Mark Richardson is a Partner at Labaton Keller Sucharow LLP and Joel Fleming is a Partner at Equity Litigation Group LLP. This post is based on their recent working paper, and is part of the Delaware law series; links to other posts in the series are available here.
For many years, the special litigation committee (“SLC”) was a nearly forgotten device in derivative litigation in the Delaware Court of Chancery. Chastened by a string of decisions rejecting SLCs’ motions to terminate,[1] boards facing derivative litigation in Delaware almost always chose to litigate on the merits. During that same period, the Delaware plaintiffs’ bar became a serious threat to wayward fiduciaries, extracting billions of dollars in settlements in high-value derivative actions.
Recently, however, the SLC has experienced a dramatic revival. After an eighteen-year drought—from 2003 to 2021—in which there was not a single written opinion granting an SLC’s motion to dismiss, SLCs are now routinely being formed in strong derivative cases, they are routinely moving to dismiss, and their motions are often granted.[2]
The SLC’s newfound popularity has bred deep cynicism and skepticism amongst shareholder advocates.
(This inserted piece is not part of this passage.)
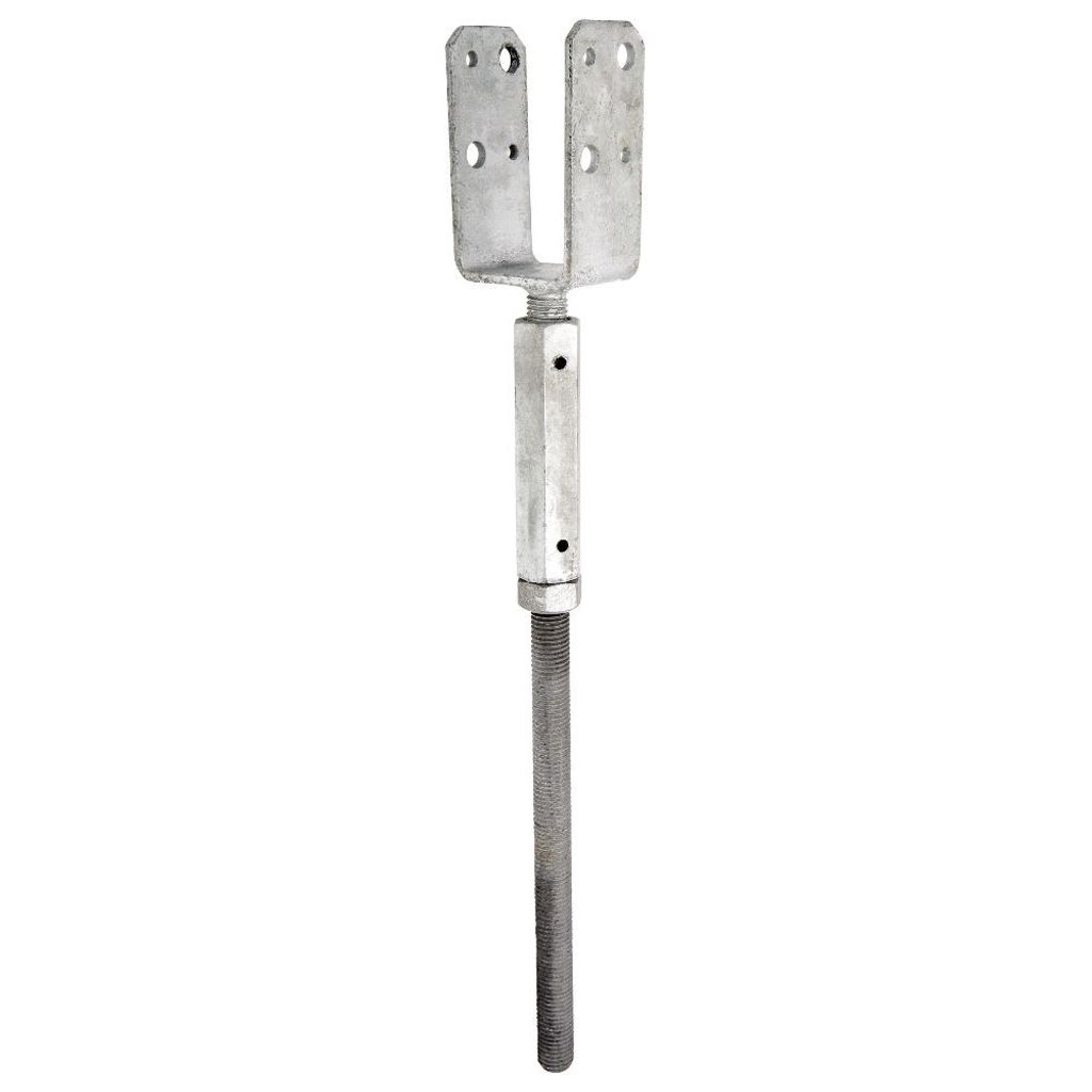 Stolphållare CSAH är justerbar i höjd med hjälp av en vänster-/högergängad långmutter. Används för ingjutning i betong vid infästning av stolpar, till exempelvis staket, pergola och carport.

As attorneys who typically represent public stockholders, we are far from alone in observing an increasingly common phenomenon: seemingly results-driven SLC investigations that appear designed to terminate meritorious claims. These “investigations” generally downplay contemporaneous evidence in favor of unsworn, after-the-fact witnesses’ explanations that are neither recorded nor transcribed. They then culminate in a report in support of a motion to terminate that reads more like standard defense-side advocacy than an objective assessment of all relevant evidence.